Olimpia Paun, PhD, PMHCNS-BC, FGSA. is an associate professor in the College of Nursing at Rush University and the Rush Nurses Alumni Association Chair in Health and Aging Process. She is also a geropsychiatric clinical nurse specialist, a researcher, and a Public Voices Fellow through the OpEd Project.
When I had students I did a pair of postconferences that shook my students pretty deeply, but they thanked me for it. For the first, I went to the hardware store and bought several pairs of thick work gloves. I got a bunch of unclaimed eyeglasses from the lost and found and smeared some of the lenses with a nearly-invisible coating of petroleum jelly, and blacked out some. I got some unneeded knee braces and AFOs (ankle-foot orthoses) from PT. Finally, I enlisted the participation of a staffer who was well-known to the students, put him in a patient gown and pants, snaked a tube out of the fly and hung a urine bag off his wheelchair, and had him be very convincingly hemiplegic and dysarthric. The students put on gloves (some on dominant hands, some on both) and spectacles, some had to put one hand in a pocket, and we all had our lunch as usual in the conference room. They were most disturbed by the man in the wheelchair– because they knew him well, and saw beyond the embarrassing appurtenances of illness and disability, how he must have felt as they fed him his lunch, and realized what a change this was for THIS human. And of course, eating your own food when you can’t feel or hold the utensils well or see to pick up the food or cup without spilling was something they never really thought of.

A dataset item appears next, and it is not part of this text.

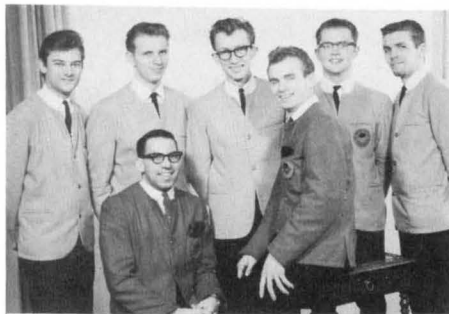
The Canadian Downbeats are experiencing good regional action with their Soundaround release of "That's The Way". The Downbeats hail from Regina and are set for a U.S. tour the latter part of February.

The next week we did a guided imagery thing. They were all in their twenties, so we started there. “You’re 25. What did you do when you got up today? What will you do after class? What do you do at home and work, and with whom? Think about it for a few minutes.” And I gave them three full minutes by the clock — which is a pretty long time, if you have to sit quietly with your eyes closed. Then, “OK, now you’re thirty five.” Three minutes. “Forty-five.” And so on until they were all 85. Then, after a minute to gather themselves, they talked about their “lives.” Some shared happy future lives, surrounded by caring family; others, not so much, with sickness and fear predominant, about being alone and unable to enjoy life.
My goal was to get them to really empathize with the people they were learning to care for– we all know how much students focus on tasks and lab check-off “skills” without realizing that the irreplaceable nursing “skill” has nothing to do with psychomotor capability. I noticed a real difference in their interactions with the residents afterwards. Later when they were on to other rotations I’d still hear from them now and then about how those two exercises changed their way of thinking like a nurse.